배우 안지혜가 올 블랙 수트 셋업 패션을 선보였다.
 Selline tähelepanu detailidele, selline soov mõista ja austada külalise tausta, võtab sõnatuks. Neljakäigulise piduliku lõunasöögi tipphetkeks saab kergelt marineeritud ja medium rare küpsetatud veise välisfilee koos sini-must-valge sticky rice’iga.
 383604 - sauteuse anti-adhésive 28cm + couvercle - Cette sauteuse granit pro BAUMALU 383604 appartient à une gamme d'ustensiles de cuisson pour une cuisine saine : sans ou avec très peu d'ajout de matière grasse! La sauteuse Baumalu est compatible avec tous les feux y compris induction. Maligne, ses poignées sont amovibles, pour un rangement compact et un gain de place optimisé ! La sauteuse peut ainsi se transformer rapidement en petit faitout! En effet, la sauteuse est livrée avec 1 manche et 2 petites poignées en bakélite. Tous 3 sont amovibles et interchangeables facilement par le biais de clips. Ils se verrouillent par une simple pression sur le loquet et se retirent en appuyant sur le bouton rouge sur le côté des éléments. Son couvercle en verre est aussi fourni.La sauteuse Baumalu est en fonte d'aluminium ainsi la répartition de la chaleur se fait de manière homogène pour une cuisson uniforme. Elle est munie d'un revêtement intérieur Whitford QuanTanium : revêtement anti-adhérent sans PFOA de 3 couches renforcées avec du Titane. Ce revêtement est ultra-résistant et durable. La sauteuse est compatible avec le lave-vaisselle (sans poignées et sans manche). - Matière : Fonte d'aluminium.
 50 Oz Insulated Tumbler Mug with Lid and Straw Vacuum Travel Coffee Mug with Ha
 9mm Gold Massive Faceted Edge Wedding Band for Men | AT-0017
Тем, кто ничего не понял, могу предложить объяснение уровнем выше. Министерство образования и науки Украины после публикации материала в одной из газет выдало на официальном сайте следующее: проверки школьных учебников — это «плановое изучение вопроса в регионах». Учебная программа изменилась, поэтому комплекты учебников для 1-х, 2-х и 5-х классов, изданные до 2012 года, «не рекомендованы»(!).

---

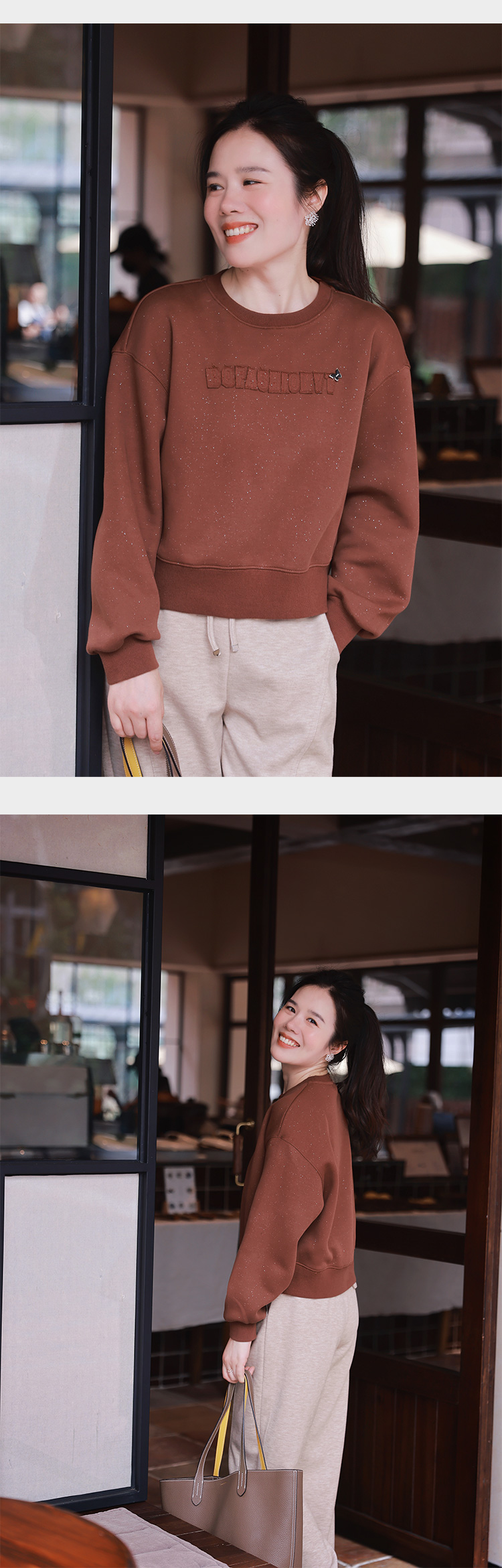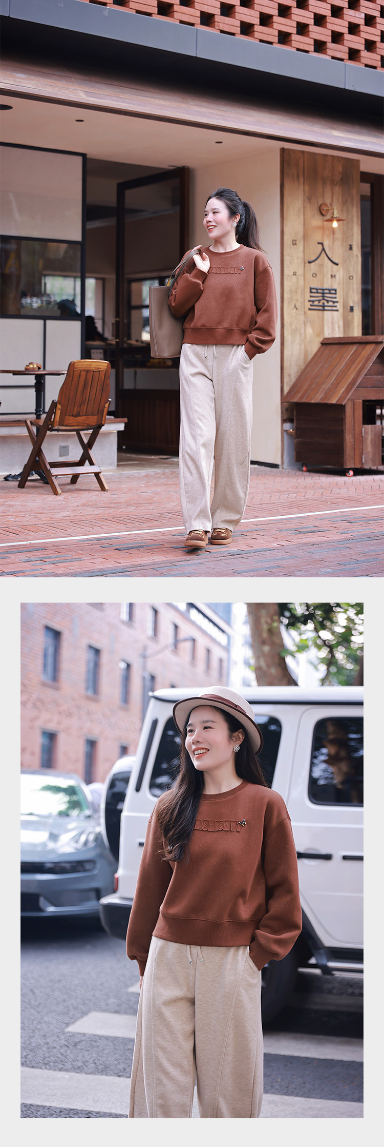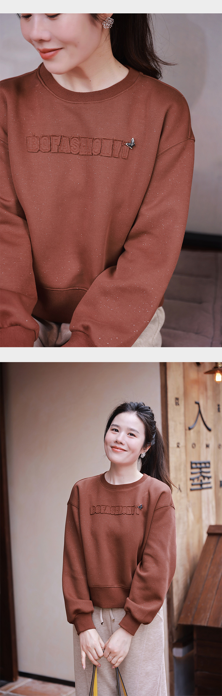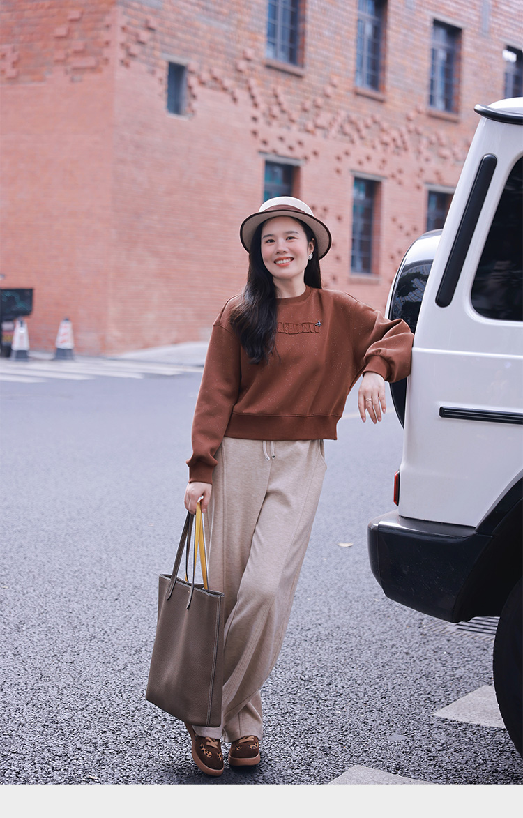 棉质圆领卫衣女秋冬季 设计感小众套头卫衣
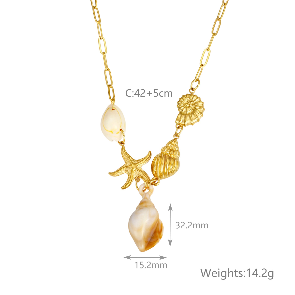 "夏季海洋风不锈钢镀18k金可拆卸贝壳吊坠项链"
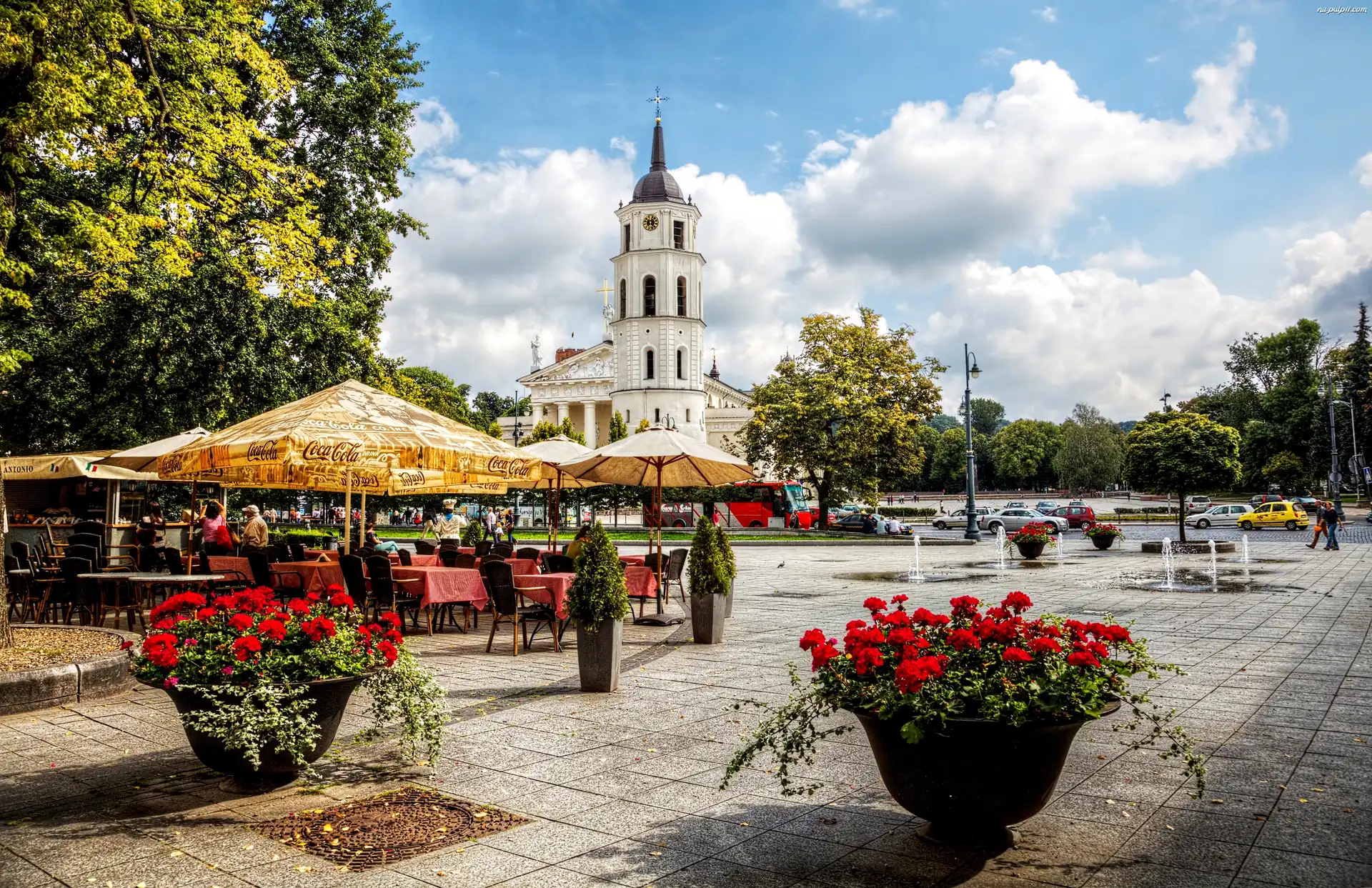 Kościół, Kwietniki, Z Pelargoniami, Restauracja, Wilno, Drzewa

**WHAT TO WORK ON**
Using the data above, output the line that has "棉质圆领卫衣女秋冬季 设计感小众套头卫衣", the line that has "Kościół, Kwietniki, Z", and whatever lines fall between, each exactly as it stands and without pictures.

**TASK SOLUTION**
 棉质圆领卫衣女秋冬季 设计感小众套头卫衣
 "夏季海洋风不锈钢镀18k金可拆卸贝壳吊坠项链"
 Kościół, Kwietniki, Z Pelargoniami, Restauracja, Wilno, Drzewa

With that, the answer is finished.